De son côté, Jesula Pierrin qui cumule plus de dix années d’expériences dans le domaine de la protection de l’enfance croit qu’une politique réelle au profit de cette catégorie de la population en Haïti a été toujours en tâtonnement. En dépit des efforts d’organisations privées et publiques, beaucoup reste à faire, selon ce qu’a fait savoir la professionnelle en protection de l’enfance. « Les droits qu’ont les enfants d’avoir, entre autres, de la santé, de la sécurité sont une catastrophe dans le pays », croit la spécialiste ajoutant à cette liste la détresse psychologique dont sont victimes les enfants durant le plus clair du temps.

Karty Vixamar Toussaint évoque, dans son analyse sur la situation, le fait qu’un enfant doit être compris en fonction d’un environnement sain. Ceci, nous dit la travailleuse sociale, renvoie nécessairement à un lieu qui donne à l’enfant tout ce dont il a besoin. Elle rappelle, pour illustrer, qu’en vertu des derniers chiffres fournis par l’Organisation des Nations Unies pour l’Enfance (UNICEF), 4 sur 10 enfants en Haïti sont en vivent sous le seuil de la pauvreté et 7 sur 10 d’entre eux sont en privation des services de base.

En pleine crise sanitaire de coronavirus, Irdèle Lubin appelle à une prise en charge psycho-sociale des enfants sur tout le territoire. Un élément d’extrême importance dans ce temps à en croire la Professeure. C’est ce qu’elle fait d’ailleurs depuis le début de la crise avec sa structure lancée tout récemment avec le programme baptisé oreille-attentive accompagnant des couples ayant des difficultés relationnelles.

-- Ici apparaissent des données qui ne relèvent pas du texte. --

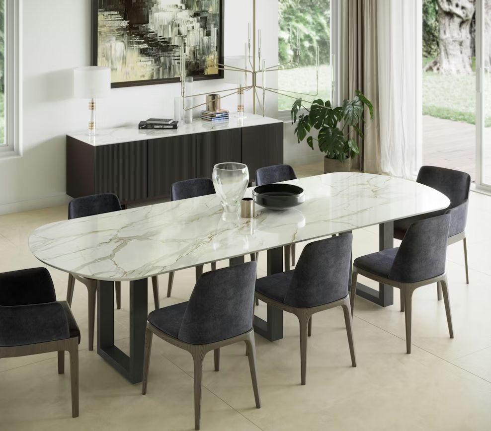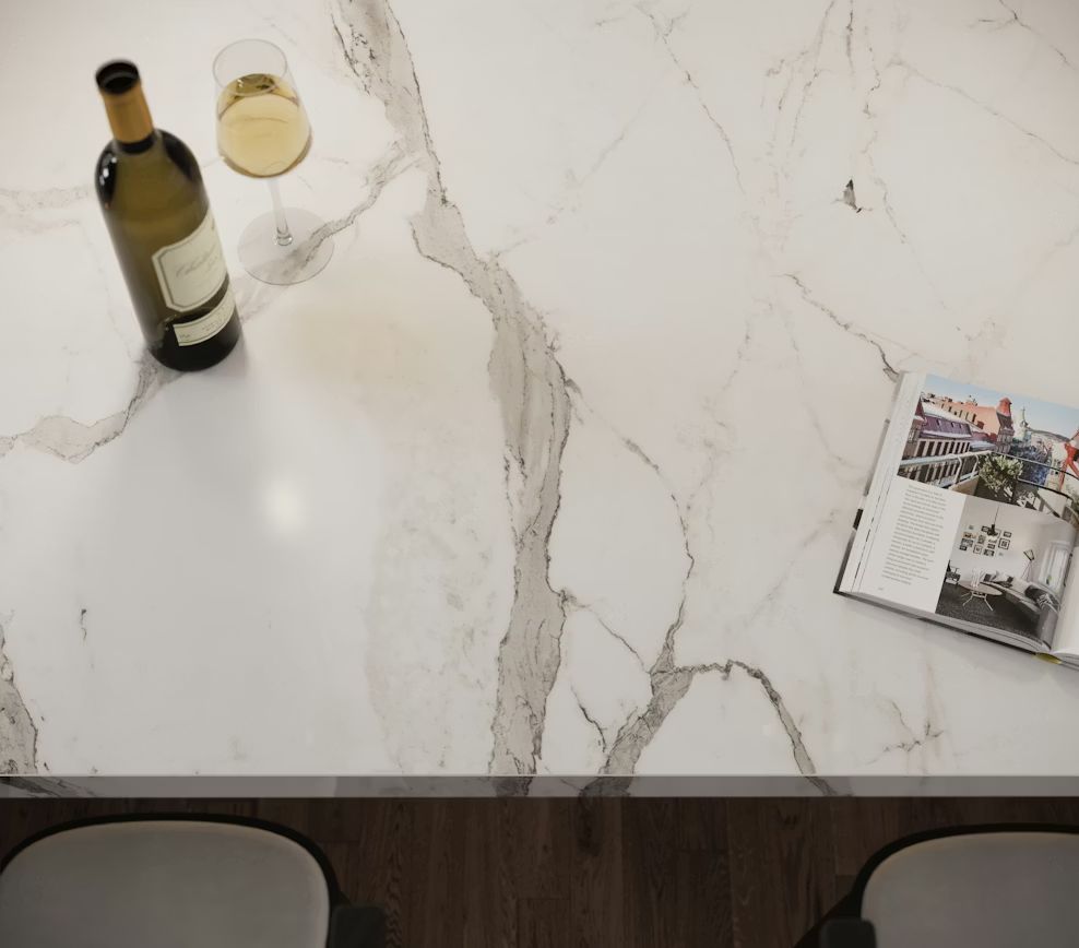 Daze recrée une structure de Calacatta forte avec des veines épaisses dans des dégradés de gris clair et foncé combinés à une touche subtile d’or

Sur la reprise des activités scolaires prévues par le Ministère de l’Éducation nationale et de la Formation professionnelle (MENFP) pour le début du mois d’août prochain si la pandémie le permet, Karty Vixamar Toussaint Jesula Mettelus Pierrin et Irdèle Lubin émettent des réserves. Elles plaident en faveur d’un plan intégral qui ne prend en compte seulement un retour en salle de classe.